The ICO taking on massive private sector organisations with huge budgets, pursuing either criminal or civil enforcement that they have never attempted before in any context, wrestling with the slippery concept of pseudonymised data (which most people struggle to pronounce, much less understand), based on evidence that I have no idea how they would source: that’s what’s going to stop the misuse of data.
I’m reassured: you?
4) If you don’t like it, you can opt-out
I expect my opt-out to be temporary. I don’t believe the people who want to do this have any respect for my wishes, and at some point, they will change the rules. It will either happen because enough of us opt out now to skew the results, or because in a year or so, somebody in NHS England will be emboldened because nothing obvious has gone wrong.
I don’t say this because I think the people running this scheme are evil or conniving. It’s quite the opposite. It’s only because they’re not evil, only because they’re so convinced that they’re doing the right thing that they’re able to treat their fellow citizens with such disrespect. It’s the same mentality that allows charities to get overbearing drama students to bully people in the street to sign up to direct debits, despite the huge slice of the donation that usually goes upfront to the company the students work for. You knew that, right?
But we are where we are. Our most private data is taken without consent, and the best we get is a leaflet sneaked out with the takeaway dross and a patronising cartoon. Anyone who has opted out of the Royal Mail’s unaddressed mail deliveries won’t get the leaflet. UPDATE: as Doug Paulley pointed out to me, people living in care homes and shared accommodate won’t see the leaflet. Anyone who is sick of the endless tide of pizza menus and offers for Sky won’t notice the leaflet and will bin it without reading it. Anyone who reads it is told to ring or go to see their GP – that’s right, waste the precious time of a medical professional to ask their advice on a privacy-invasive wheeze that GPs didn’t ask for, and yet might be punished for if they don’t get right.

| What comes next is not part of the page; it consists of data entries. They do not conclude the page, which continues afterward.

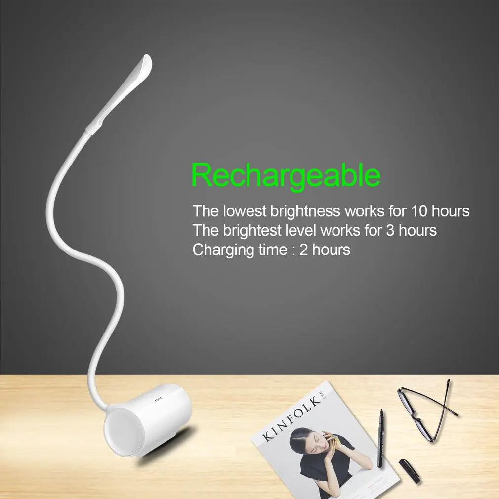 3. LED LAMP BATTERY easily recharges and lasts up to 10 hours. To recharge simply plug into laptop, power bank, or electrical outlet. The on/off and 3 dimmable settings are touch sensitive. Simply touch the lamp to make a change.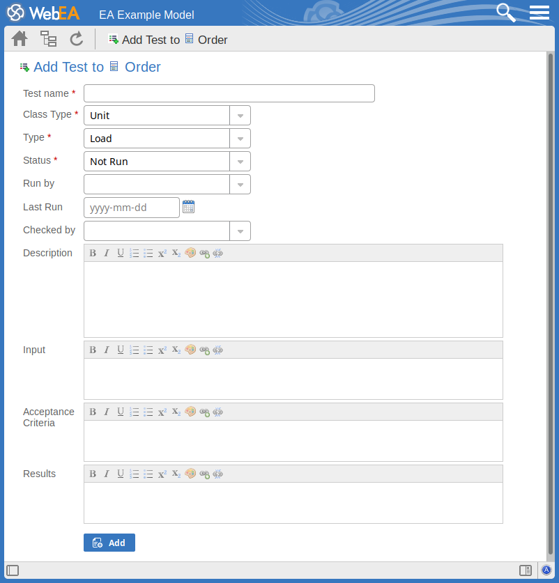 Click on this button to submit the details and create the Test record on the selected element. This message is displayed: Test <name> was successfully added to <element name>. Either: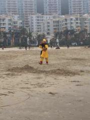 第一次来海陵岛大角湾就喜欢上了,环境很好干净,水也很清,最值得赞的是冲浪的地方有好多救生员,救生员都很尽责任,沙滩上还有一家大细都合适水上乐园和各种机动游戏,是值得一去的好地方。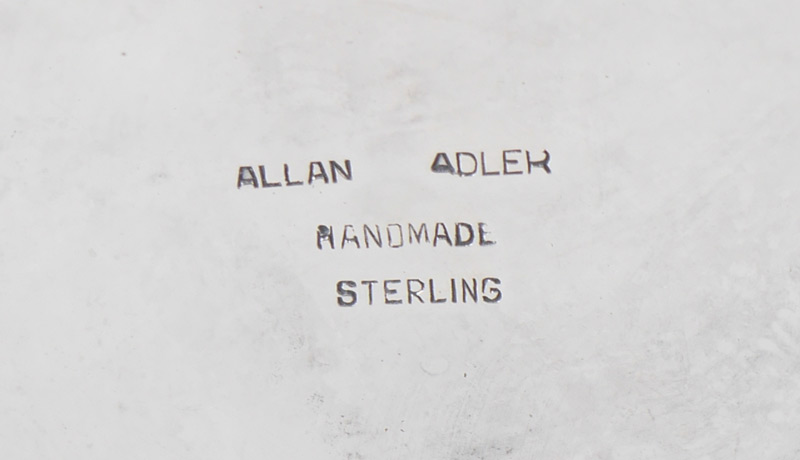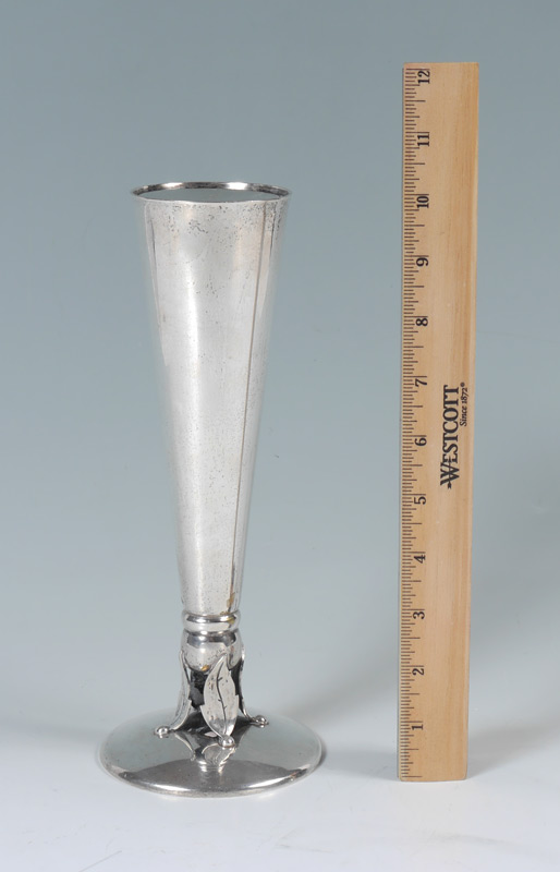 ALLAN ADLER STERLING VASE / CANDLEHOLDER: Mid 20th century by noted California silversmith Allan Adler, tapered vase with 4 leaf supports above foot. Vase converts to single light candleholder with insert, marked on base ''Allan Adler, Handmade, Sterling''. 10'' h. x 4''.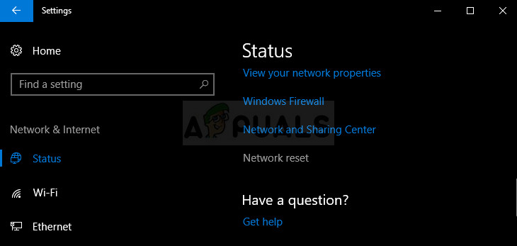 - Click on the Network & Internet section in the Settings window and switch to the Status section.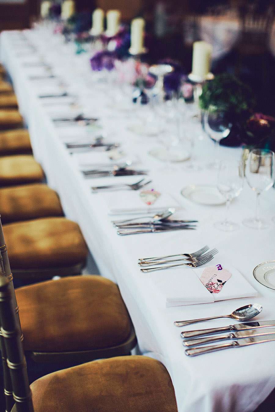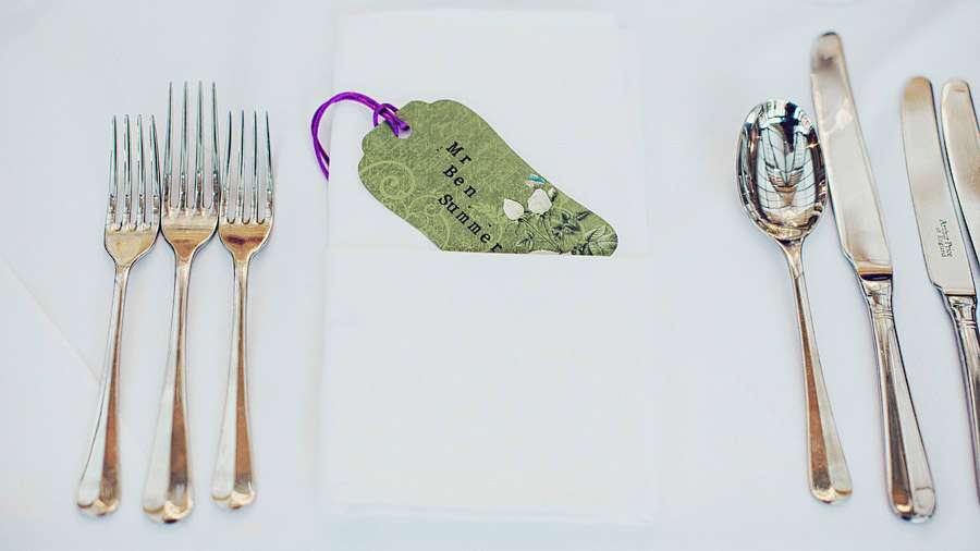 “The amount of things that were suggested in wedding magazines about what you should do and what you are supposed to have made planning overwhelming. So I stopped looking at wedding magazines, and instead of using suppliers for everything I tried to do as many bits myself as I could. The favours were jams made by me from fruit that I grew in my garden. We created the save the dates ourselves, with help from my sister, and I made the invitations, the table plans, the place settings with help from my mum, sister and bridesmaids.”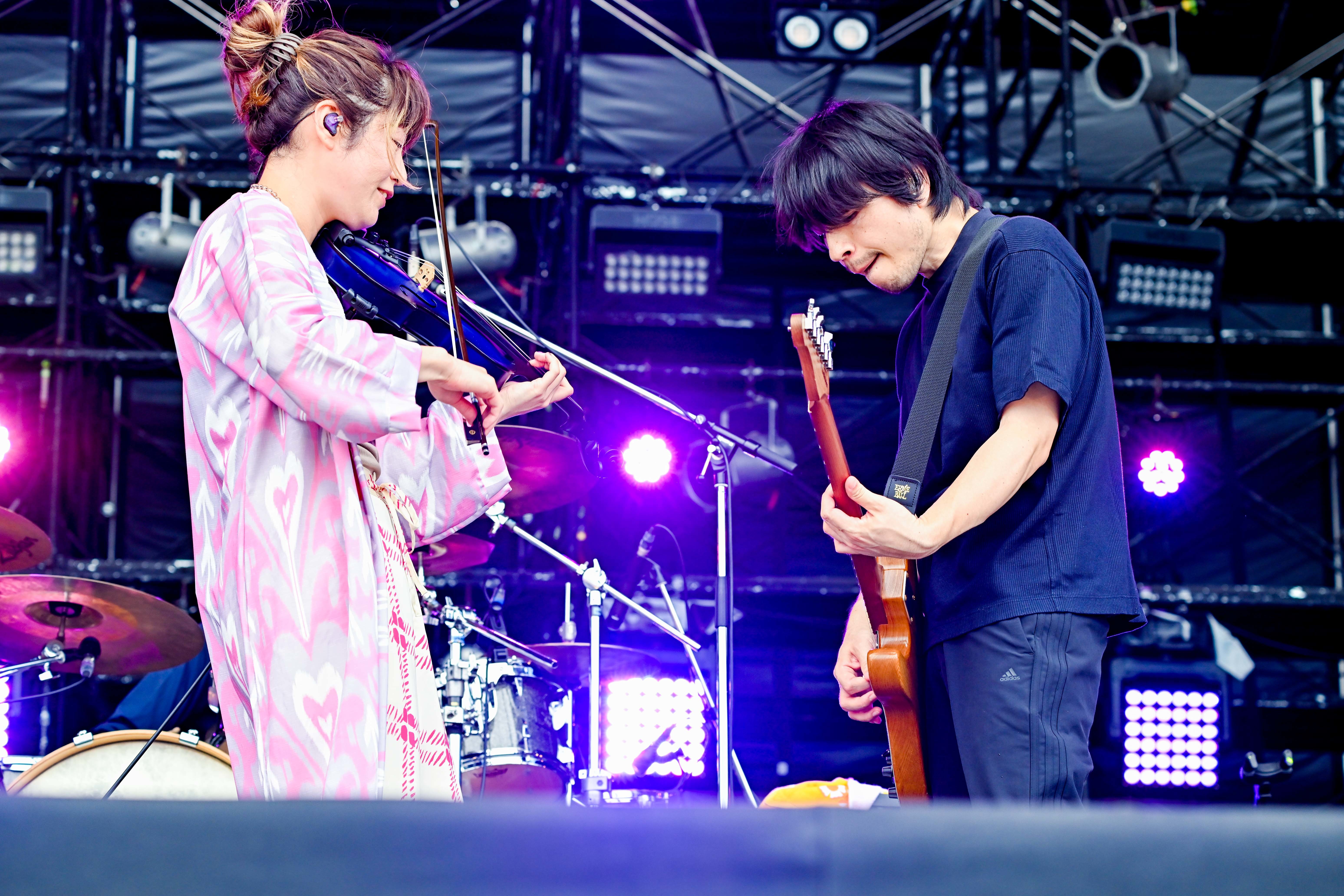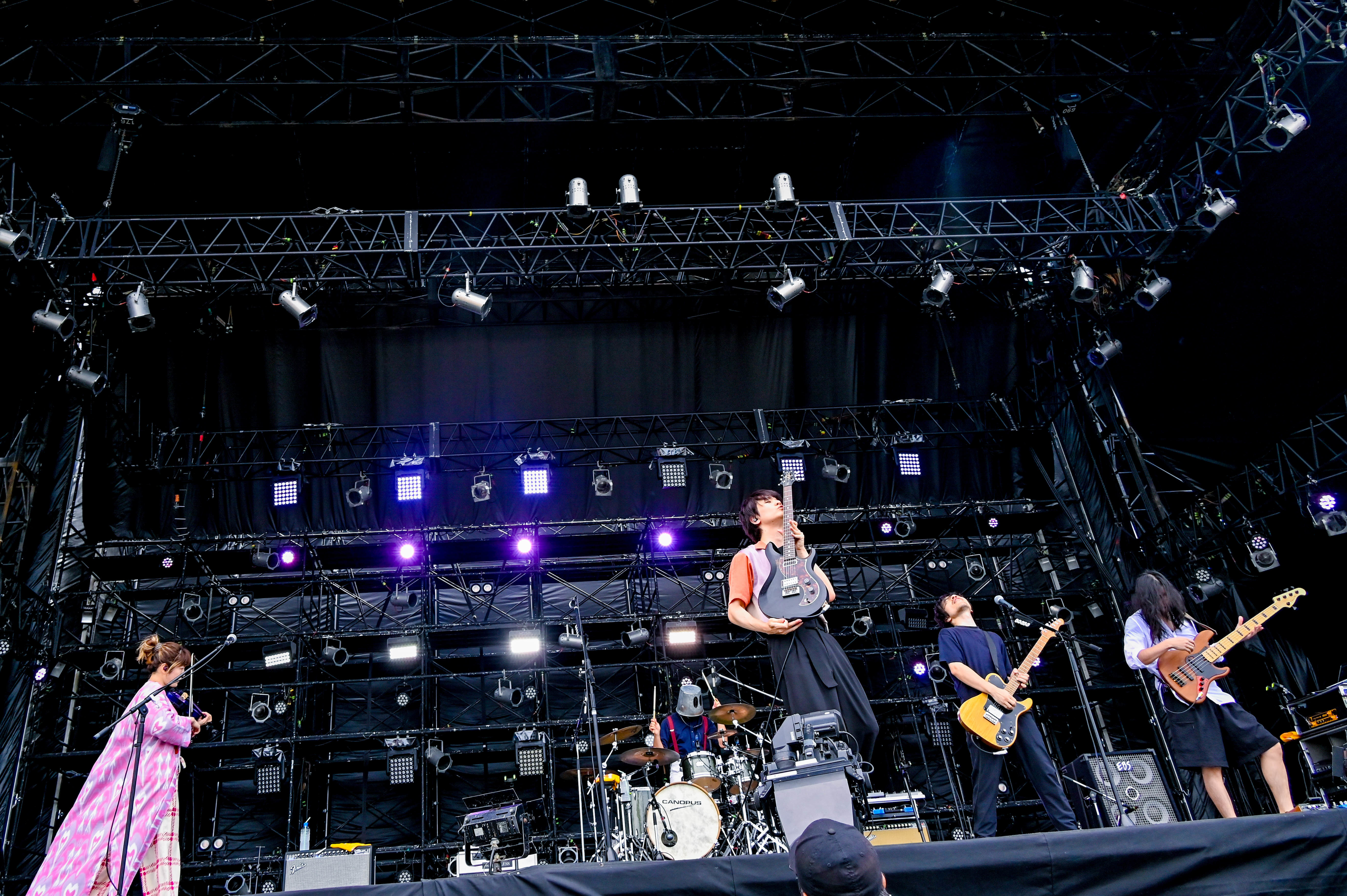 続けざまに「POPCORN STAR」を披露。さらに「the cookie crumbles」「Strawberry Feels」と一切勢いを緩めることなく、唯一無二のアンサンブルをこれでもかと投下し続ける。チャイコフスキーの『白鳥の湖』を再構築した「Swan Song」のイントロでは客席から歓喜の声が上がる。彼らにしか作れない世界観はさすがとしか言いようがない。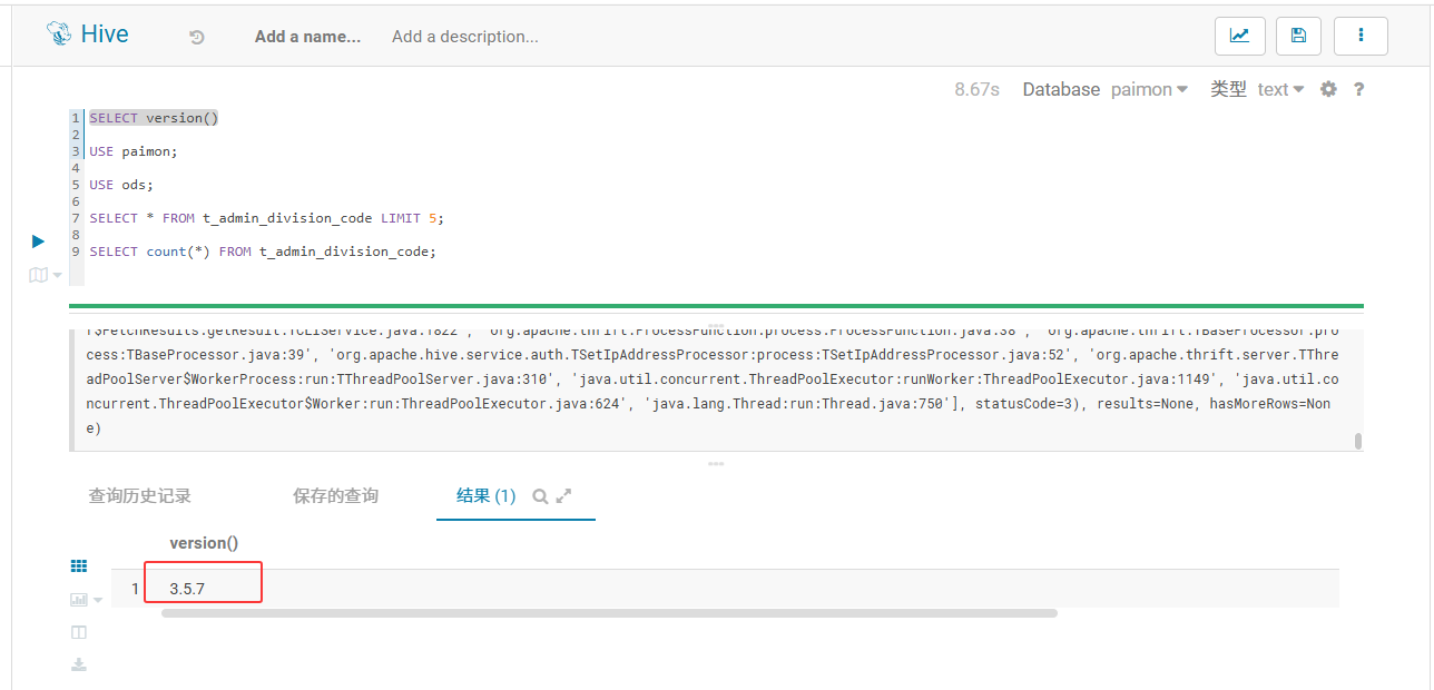 通过这种方式,我们成功在不破坏 CDH 原有架构稳定性的前提下,让 Hue 具备了查询 Paimon 数据湖的能力。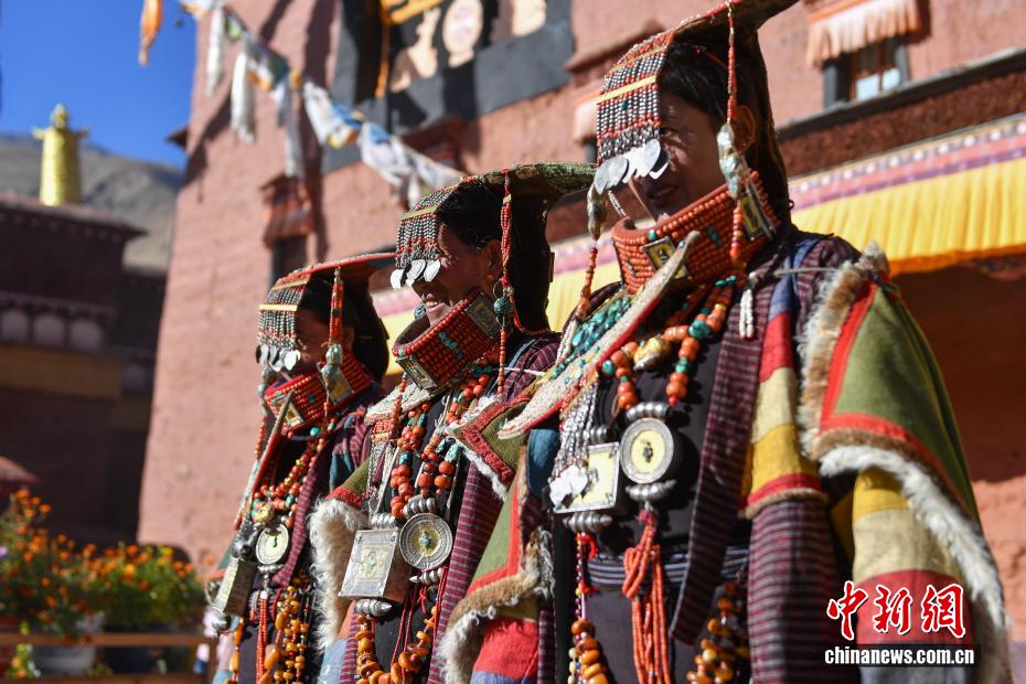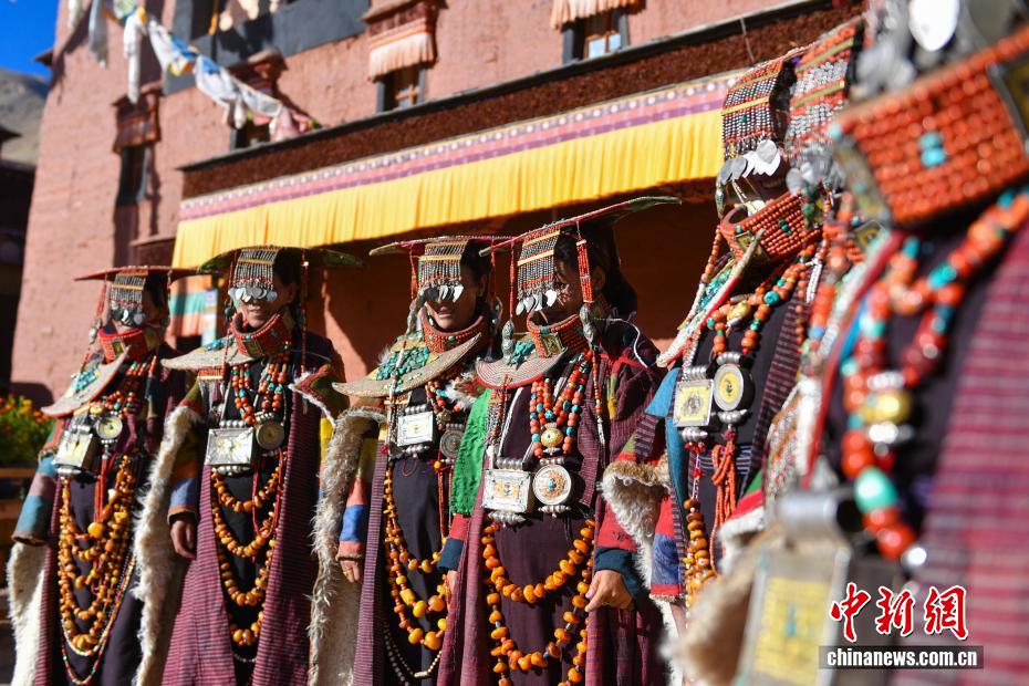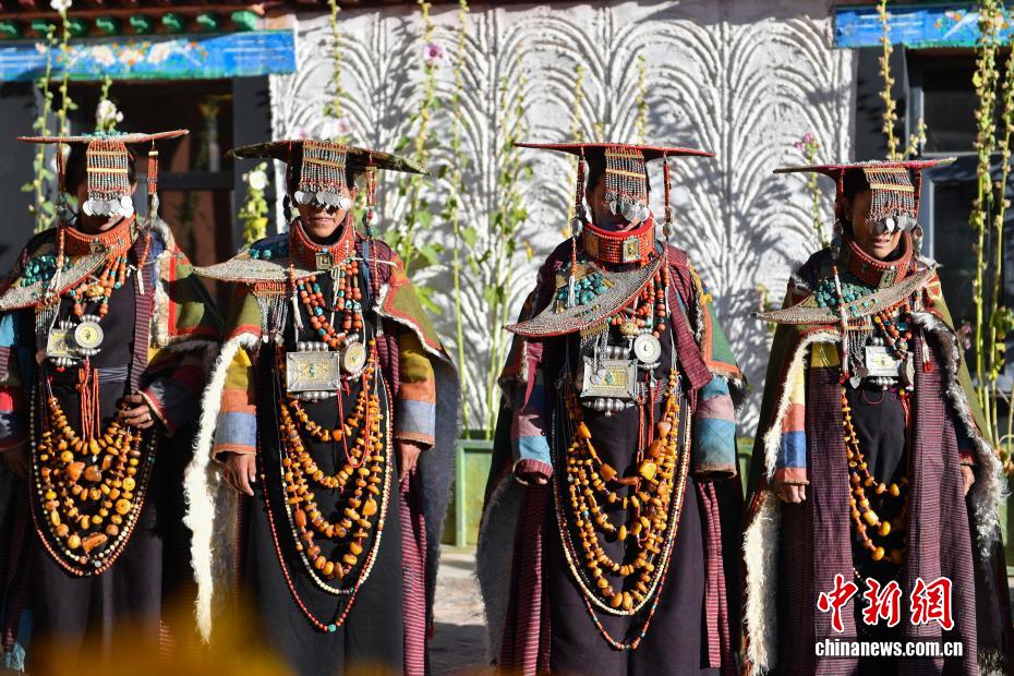 9月23日,西藏自治區(qū)阿里地區(qū)普蘭縣,至今保留著獨(dú)特的藏族服飾——普蘭服飾,它是中國(guó)國(guó)家級(jí)非物質(zhì)文化遺產(chǎn)。普蘭服飾已有1000多年的歷史,其中最精美、最獨(dú)特的是婦女的“孔雀服飾”,普蘭縣科迦村里有7戶人家保存著7套祖?zhèn)鞣棧惶字剡_(dá)20多公斤,裝飾有黃金、白銀、松石、瑪瑙、珊瑚、珍珠等,承載和沉淀了百年時(shí)光,堪稱(chēng)“穿在身上的千年史”。時(shí)至今日,這種美麗的服飾文化還在當(dāng)?shù)貍鞒兄?。圖為西藏阿里地區(qū)普蘭縣科迦村,村民在展示普蘭服飾。貢確 攝

There is no “an intelligent, grown-up debate” here. At the stroke of a legislative pen, intimate details of every citizen who is not plugged in to what is happening will be taken and exploited (even if for good reasons) by an establishment clique. Even if it could be guaranteed that not one scrap of data would be lost or misused, such an audacious assault on a society’s privacy should only be contemplated with permission. And the possibility of asking us for consent has never been on the table. Not for a moment. Instead, the fine folk who are running this scheme have treated their fellow citizens like children; there is no attempt to persuade, just a decision that because they can do this, they will.
UPDATE: I ranted all the way through this and didn’t include two crucial things: the addresses of those advising you how to opt out. Look at www.care-data.info or www.medconfidential.org. I included a stamped plain postcard with my opt-out letter and asked my GP to send it back to me to confirm receipt. They were kind enough to do so. Some practices are offering opt-outs online or accepting them via email.